How an old, white guy is bringing class-based politics to the Democratic primary.

One thing is immediately striking: as he addresses primary rallies across America, arms flailing like a giant bird coming in to land, snow-white hair fizzing skywards like Doc Brown’s in Back to the Future, eyes startled behind the robust spectacles he has worn since childhood, Bernie Sanders looks quite unlike any other presidential candidate.

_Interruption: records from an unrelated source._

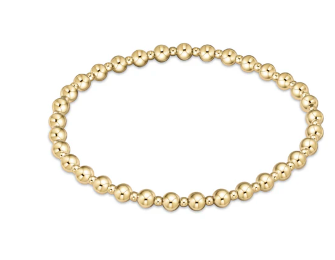 Introducing our new pattern, grateful. This bracelet is a classic gold beaded bracelet with alternating bead sizes. The larger bead size is a 4mm, 5mm or 6mm and the smaller bead size is a 2mm.
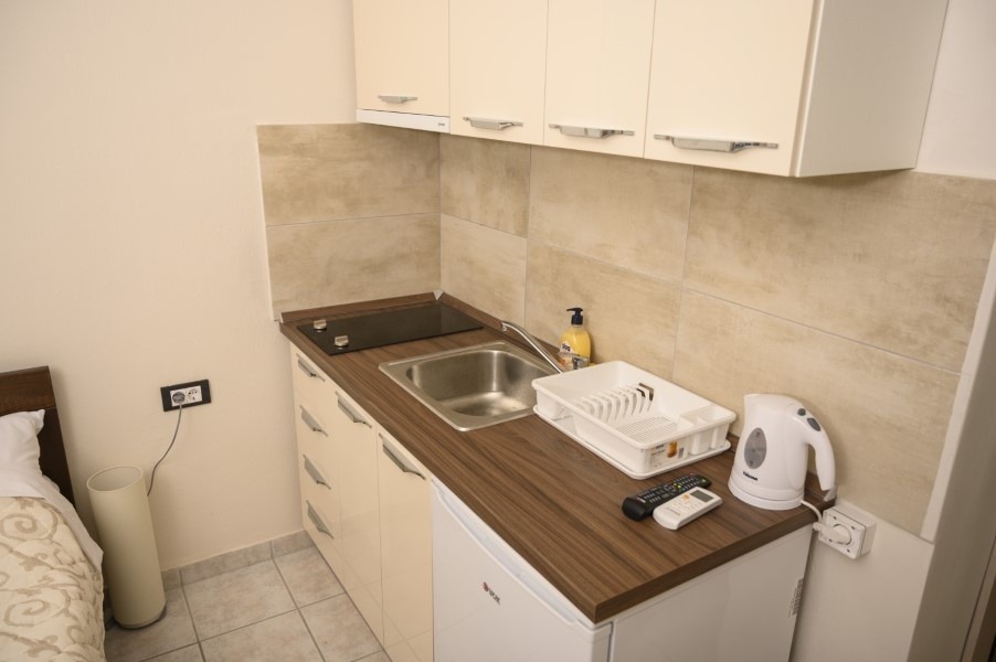 1/2 studio – u jednoj prostoriji čajna kuhinja i bračni ležaj.
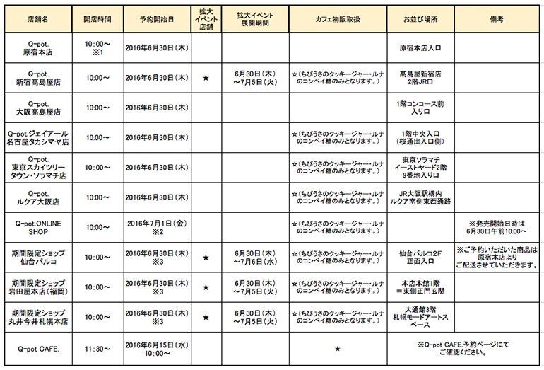 ※Q-pot CAFE.のご予約開始日は、イートイン席のご予約開始日となっております。Q-pot CAFE.で物販をご購入いただくためには、
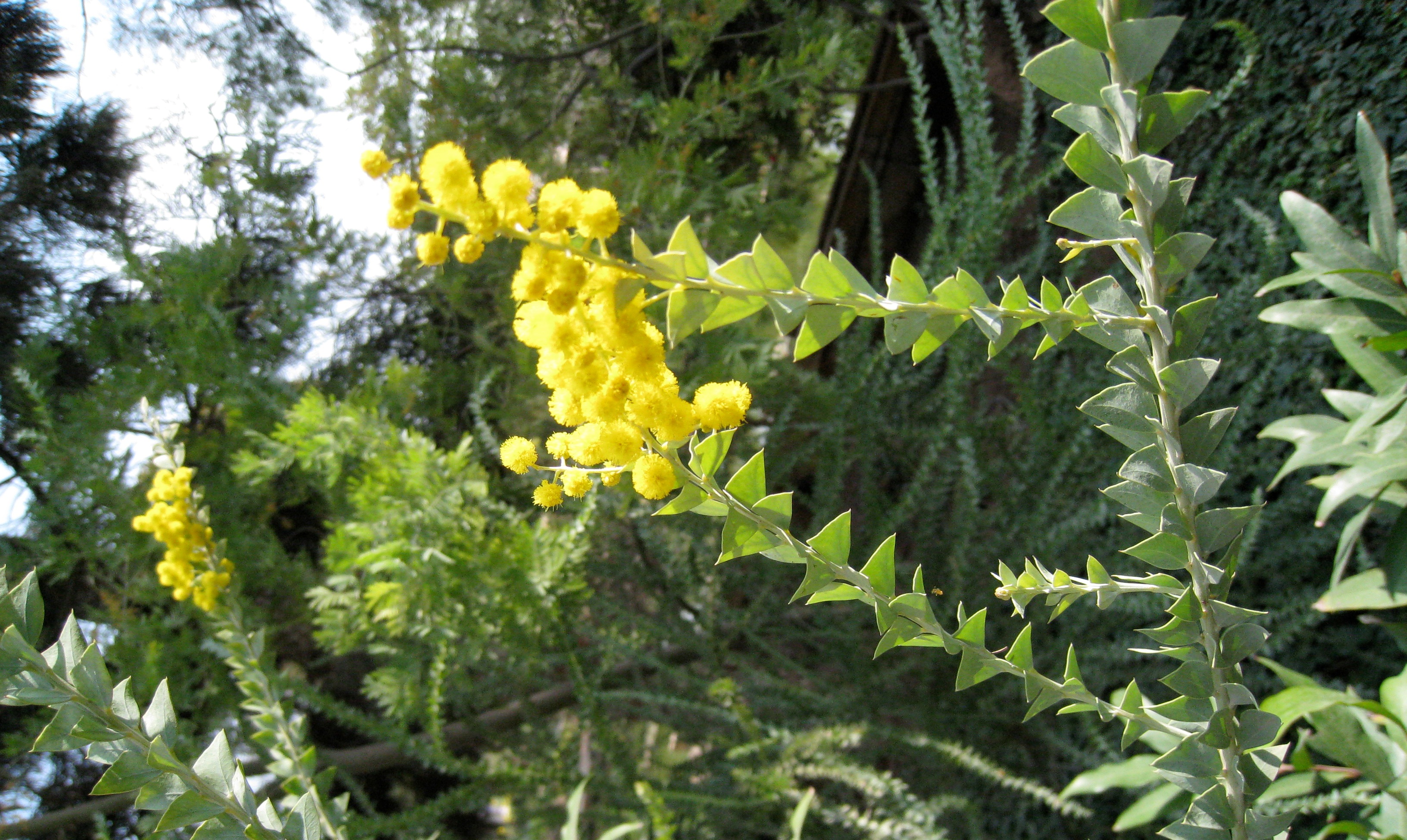 Evergreen shrub, spreading habit , grows to 2- 4 m high leaves phyllodes, crowded along the stems, green-grey, asymmetrical, shaped is triangular flowers showy, fragrant, yellow in axillary 1-8 cm long racemes

Perhaps the surprise in those eyes is sparked by the size of the crowds Sanders has been attracting. They are enormous, rivalling the numbers who turned out for Barack Obama back in 2008, and unprecedented for a candidate who is not shy of describing himself as a socialist: 28,000 in Portland and LA, 25,000 in Boston and 15,000 in Seattle. Even in Dallas, not a renowned centre of radicalism, 8,000 turned out to “feel the Bern”.

In these days when slick suits and expensive haircuts are increasingly a turn-off for a public weary of smooth politicians they see as delivering only for the wealthy, Sanders’s persona, like that of Jeremy Corbyn, his equally unkempt British counterpart, has proved popular. But it is his message – an angry chronicling of the depredations facing so many Americans and a solid social-democratic programme for putting things right – that is really pulling in the crowds. Sanders, who is 74, and the main challenger to Hillary Clinton for the Democratic nomination, doesn’t just look different. With his confident calls for a “revolution” to break up the banks and impose higher taxes on the rich, he doesn’t sound like any other recent presidential contender, either.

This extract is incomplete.